2. He was sort of shy just like my girl whom he took under his wing and believed in so fiercely, understood what she was about so clearly that as a parent, I was happy. They were two Virgo peas in a pod, liking science fiction, comfortable silences, spending an hour listening quietly together to Odetta sing.
3. He had a wicked sense of humor, and when he arranged for her to go to New York, and he sitting down to dinner with her and people that she was in awe of, he kept egging her on about being able to handle the eight courses of sushi he had arranged for the meal. “How you doing, Sam?’ she said he would say with a sly grin. He had done something similar in the studio, telling the three young bloods who were Samantha’s musical crew to just try the potato chips in the pantry, just try them, they were hot ones, yep, but they could handle them. We laughed so hard as those three lost their voices, determined not to show one sign of mouths on fire, show me the extinguisher in front of the likes of the Great Leroi Moore.
4. He called me Lulu, a nickname I gave myself as an alter ego, and supposedly private until my daughter called me that in front of him, and that became all that he called me. We talked quantum physics, and Roi said: “You know Lulu, until I met you, once I started talking quantum physics, to anyone else, the conversation shut down, but you….”

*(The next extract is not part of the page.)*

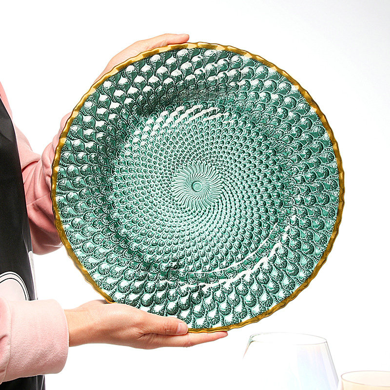 A green peacock disc outside diameter about 32 5cm B Green pineapple disc outer diameter about 32 5cm C Golden Peacock Disc outer diameter approb. 32 5

5. He somehow convinced my child to quit her job in Los Angeles and move cross country to Virginia, which she did without a thought having discovered for herself a kindred spirit, an old soul friend who called her Sam in such a musical way because Roi was a music man. I flew out to help her drive from LA to Charlottesville and on the way, with me driving, and her thinking, she wrote many songs. Roi said in the studio one day, “Sam, I am going to put you in a car and send you back to drive through Oklahoma again if that is where this song came to you.” (Fade Away) and we weren’t entirely certain that he wasn’t one hundred percent serious.
6. Roi kept you on your toes for he was a hard person to read, and it took awhile sometimes to figure out that he was mostly just pulling your leg, so when he dead panned one night to Samantha, “Sam, I think you should change this word to that in this song, we at first thought he was serious until he started laughing and said: “you don’t even have to split fifty fifty with me, just 70-30 will be good enough.” He appreciated what she did, and was so secure in what he did that he never tried to make her feel less than.

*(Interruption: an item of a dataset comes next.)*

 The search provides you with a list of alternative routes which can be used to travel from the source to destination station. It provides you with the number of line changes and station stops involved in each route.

7. We arrived at night in Virginia and we were to stay at his place, and it was dark, and the roads unknown to us, and so I got more and more concerned the further up that old road we traveled. When I saw the house, just the way that Roi kept beautiful little white Christmas lights around the trees outside, I knew perhaps this person I had yet to meet might also be an old friend.

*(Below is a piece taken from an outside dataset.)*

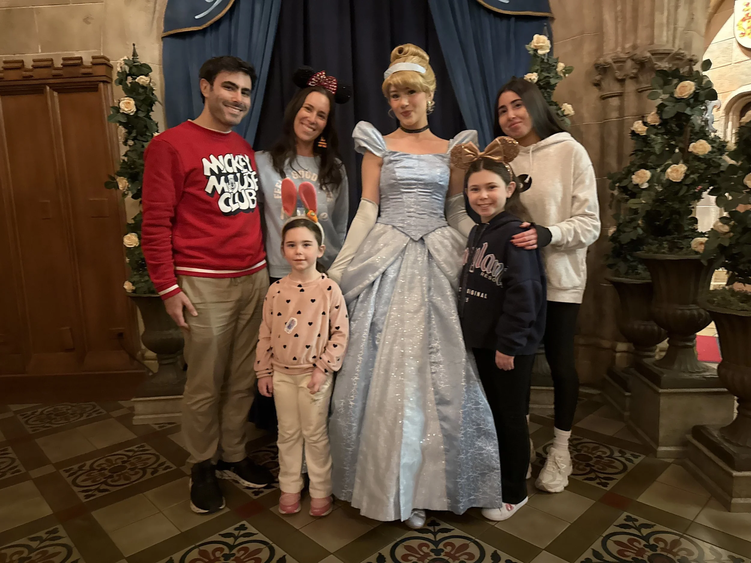 Then it was time for dinner at Cinderella’s Castle, which is a character dining with Cinderella, Merida, Aurora, Rapunzel and Ariel. It’s very cute and the food was actually pretty good. We only really did this because we had the dining plan - I think if you pay cash this is super expensive, but we figured why not with the dining plan. It was a very nice experience - the restaurant itself is very cool, and at the end of the meal we all got plastic swords and princess wands. The girls wanted the swords, so Tzvi ended up with a princess wand.

8. One day after I was back home, and watching on Youtube, a performance by the Dave Matthews band I found myself as I listend to the music moving through that house that had been a project for Roi, and understanding that he had in his uncommon genius sort of a way found a way to encode the band’s music into the very design of the house which he had gutted and rebuilt from the inside out. It is a living testimony to the mind on fire that was Leroi Moore.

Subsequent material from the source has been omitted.